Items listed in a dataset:

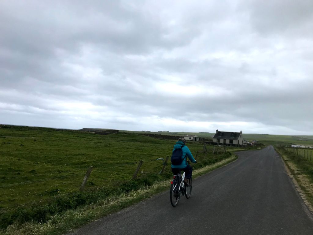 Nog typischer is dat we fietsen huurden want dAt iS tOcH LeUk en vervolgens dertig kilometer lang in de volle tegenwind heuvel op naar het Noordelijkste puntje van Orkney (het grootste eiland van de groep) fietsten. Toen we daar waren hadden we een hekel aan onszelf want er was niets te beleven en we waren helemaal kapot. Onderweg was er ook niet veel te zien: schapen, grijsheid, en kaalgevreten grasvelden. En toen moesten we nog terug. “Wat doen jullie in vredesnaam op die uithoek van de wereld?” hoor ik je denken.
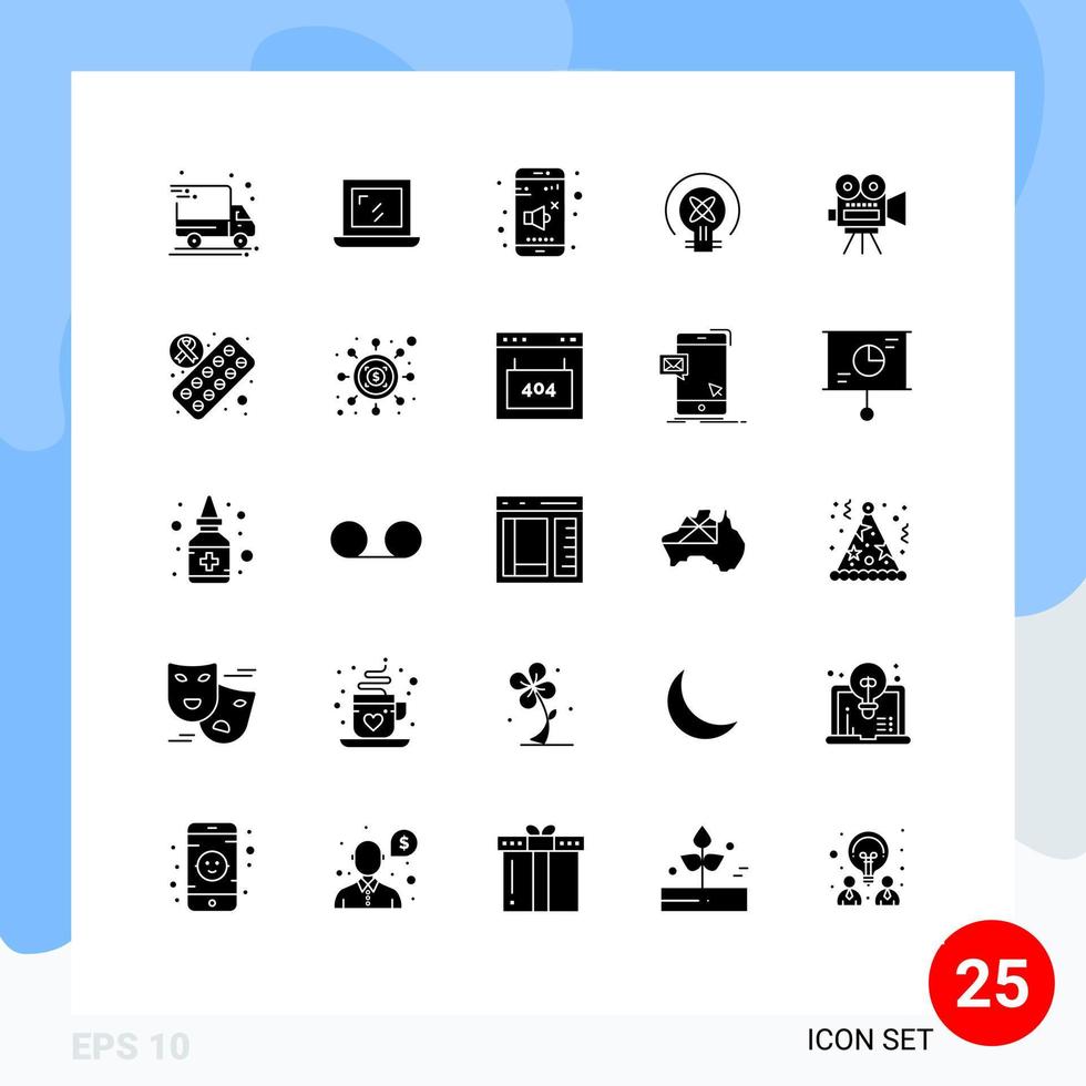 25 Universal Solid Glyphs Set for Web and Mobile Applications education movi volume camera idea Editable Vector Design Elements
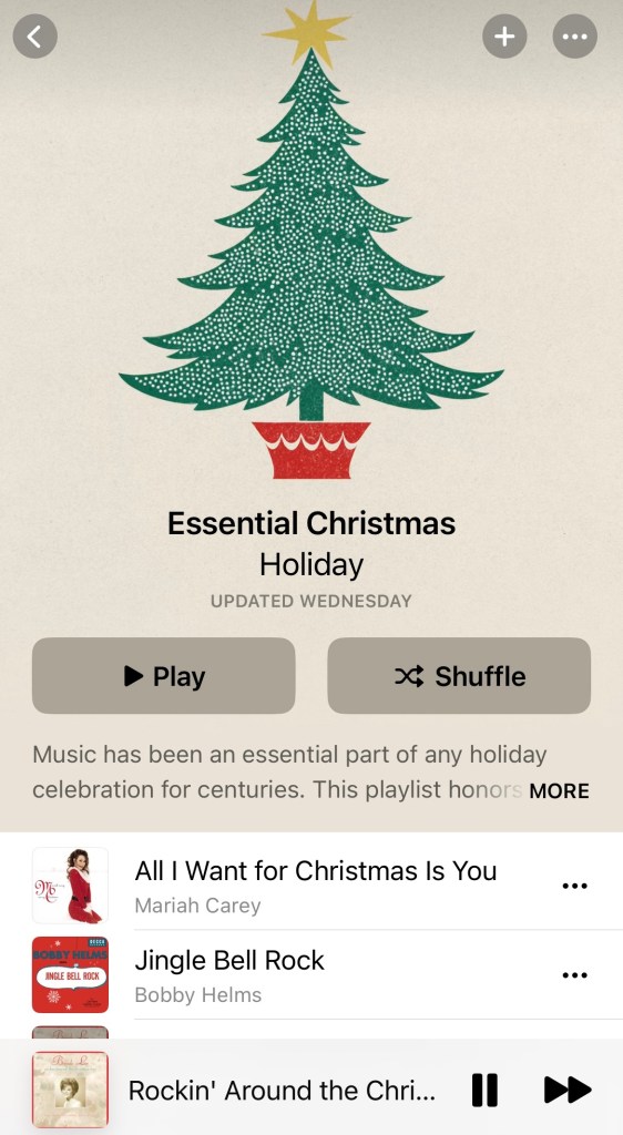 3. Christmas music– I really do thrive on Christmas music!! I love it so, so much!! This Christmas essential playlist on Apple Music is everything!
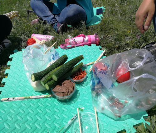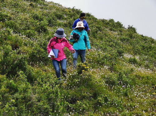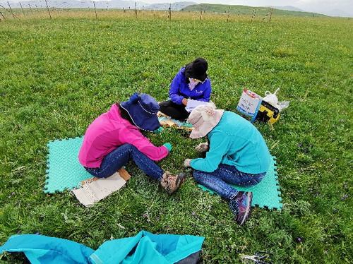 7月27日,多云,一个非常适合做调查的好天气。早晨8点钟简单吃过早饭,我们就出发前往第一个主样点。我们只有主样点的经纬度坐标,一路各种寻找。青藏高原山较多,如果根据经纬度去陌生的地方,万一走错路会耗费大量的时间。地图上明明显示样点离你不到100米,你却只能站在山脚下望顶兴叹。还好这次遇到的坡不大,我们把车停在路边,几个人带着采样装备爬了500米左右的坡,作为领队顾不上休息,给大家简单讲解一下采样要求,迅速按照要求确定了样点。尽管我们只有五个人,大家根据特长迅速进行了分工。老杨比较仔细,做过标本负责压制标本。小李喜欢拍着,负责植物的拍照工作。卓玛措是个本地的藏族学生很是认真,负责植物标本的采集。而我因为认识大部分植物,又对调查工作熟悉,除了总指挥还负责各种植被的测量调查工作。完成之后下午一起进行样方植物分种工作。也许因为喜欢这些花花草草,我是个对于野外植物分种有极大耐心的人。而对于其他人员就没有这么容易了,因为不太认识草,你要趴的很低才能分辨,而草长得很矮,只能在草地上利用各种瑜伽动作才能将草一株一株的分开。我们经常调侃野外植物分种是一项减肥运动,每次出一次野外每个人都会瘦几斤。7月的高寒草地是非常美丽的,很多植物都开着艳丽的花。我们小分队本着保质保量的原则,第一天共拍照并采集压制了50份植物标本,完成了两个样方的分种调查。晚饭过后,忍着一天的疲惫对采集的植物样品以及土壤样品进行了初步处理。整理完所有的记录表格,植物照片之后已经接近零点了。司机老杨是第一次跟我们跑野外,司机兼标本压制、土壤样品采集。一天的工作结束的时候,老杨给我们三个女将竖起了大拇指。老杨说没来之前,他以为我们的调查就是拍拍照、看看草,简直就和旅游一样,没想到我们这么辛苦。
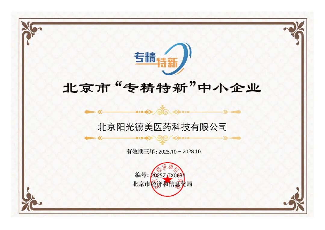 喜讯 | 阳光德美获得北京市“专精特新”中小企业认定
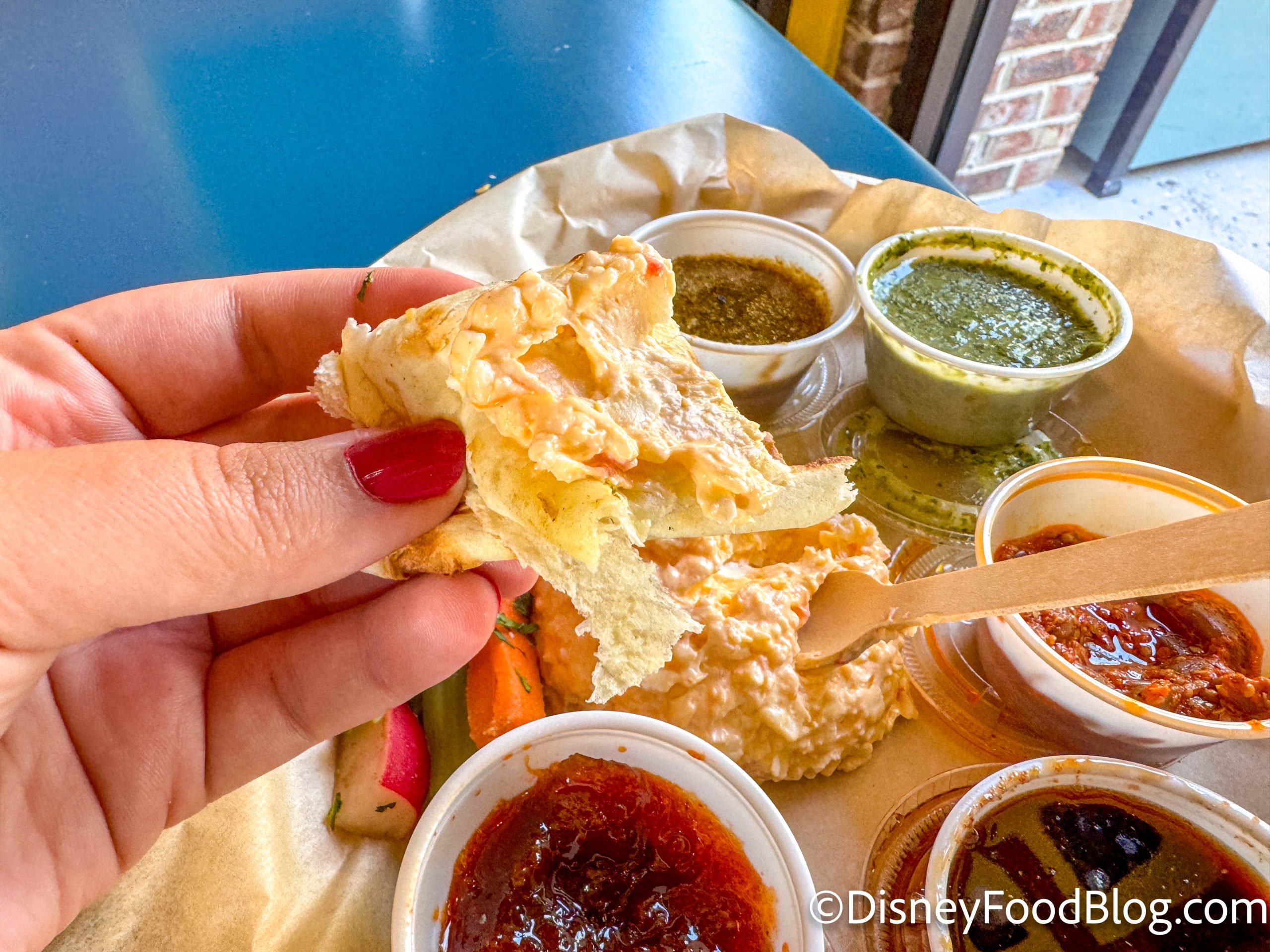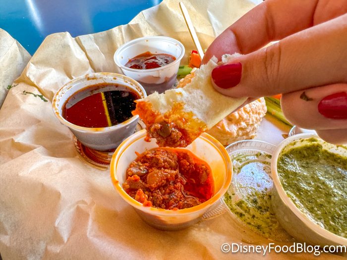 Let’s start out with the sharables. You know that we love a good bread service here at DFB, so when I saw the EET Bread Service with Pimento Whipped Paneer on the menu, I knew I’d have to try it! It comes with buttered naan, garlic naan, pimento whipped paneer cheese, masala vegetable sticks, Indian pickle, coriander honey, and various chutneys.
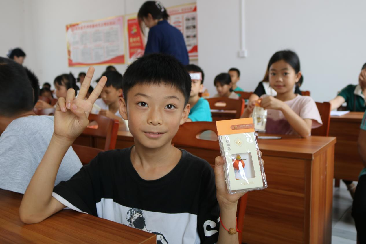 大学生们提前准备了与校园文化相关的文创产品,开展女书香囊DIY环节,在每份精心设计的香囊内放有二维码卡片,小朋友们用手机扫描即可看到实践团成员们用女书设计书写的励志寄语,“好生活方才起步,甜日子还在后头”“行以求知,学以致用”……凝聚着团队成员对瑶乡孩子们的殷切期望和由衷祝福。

Task instructions: Although the records contain pictures, return only their text, exactly as written.

Expected output:
 Nog typischer is dat we fietsen huurden want dAt iS tOcH LeUk en vervolgens dertig kilometer lang in de volle tegenwind heuvel op naar het Noordelijkste puntje van Orkney (het grootste eiland van de groep) fietsten. Toen we daar waren hadden we een hekel aan onszelf want er was niets te beleven en we waren helemaal kapot. Onderweg was er ook niet veel te zien: schapen, grijsheid, en kaalgevreten grasvelden. En toen moesten we nog terug. “Wat doen jullie in vredesnaam op die uithoek van de wereld?” hoor ik je denken.
 25 Universal Solid Glyphs Set for Web and Mobile Applications education movi volume camera idea Editable Vector Design Elements
 3. Christmas music– I really do thrive on Christmas music!! I love it so, so much!! This Christmas essential playlist on Apple Music is everything!
 7月27日,多云,一个非常适合做调查的好天气。早晨8点钟简单吃过早饭,我们就出发前往第一个主样点。我们只有主样点的经纬度坐标,一路各种寻找。青藏高原山较多,如果根据经纬度去陌生的地方,万一走错路会耗费大量的时间。地图上明明显示样点离你不到100米,你却只能站在山脚下望顶兴叹。还好这次遇到的坡不大,我们把车停在路边,几个人带着采样装备爬了500米左右的坡,作为领队顾不上休息,给大家简单讲解一下采样要求,迅速按照要求确定了样点。尽管我们只有五个人,大家根据特长迅速进行了分工。老杨比较仔细,做过标本负责压制标本。小李喜欢拍着,负责植物的拍照工作。卓玛措是个本地的藏族学生很是认真,负责植物标本的采集。而我因为认识大部分植物,又对调查工作熟悉,除了总指挥还负责各种植被的测量调查工作。完成之后下午一起进行样方植物分种工作。也许因为喜欢这些花花草草,我是个对于野外植物分种有极大耐心的人。而对于其他人员就没有这么容易了,因为不太认识草,你要趴的很低才能分辨,而草长得很矮,只能在草地上利用各种瑜伽动作才能将草一株一株的分开。我们经常调侃野外植物分种是一项减肥运动,每次出一次野外每个人都会瘦几斤。7月的高寒草地是非常美丽的,很多植物都开着艳丽的花。我们小分队本着保质保量的原则,第一天共拍照并采集压制了50份植物标本,完成了两个样方的分种调查。晚饭过后,忍着一天的疲惫对采集的植物样品以及土壤样品进行了初步处理。整理完所有的记录表格,植物照片之后已经接近零点了。司机老杨是第一次跟我们跑野外,司机兼标本压制、土壤样品采集。一天的工作结束的时候,老杨给我们三个女将竖起了大拇指。老杨说没来之前,他以为我们的调查就是拍拍照、看看草,简直就和旅游一样,没想到我们这么辛苦。
 喜讯 | 阳光德美获得北京市“专精特新”中小企业认定
 Let’s start out with the sharables. You know that we love a good bread service here at DFB, so when I saw the EET Bread Service with Pimento Whipped Paneer on the menu, I knew I’d have to try it! It comes with buttered naan, garlic naan, pimento whipped paneer cheese, masala vegetable sticks, Indian pickle, coriander honey, and various chutneys.
 大学生们提前准备了与校园文化相关的文创产品,开展女书香囊DIY环节,在每份精心设计的香囊内放有二维码卡片,小朋友们用手机扫描即可看到实践团成员们用女书设计书写的励志寄语,“好生活方才起步,甜日子还在后头”“行以求知,学以致用”……凝聚着团队成员对瑶乡孩子们的殷切期望和由衷祝福。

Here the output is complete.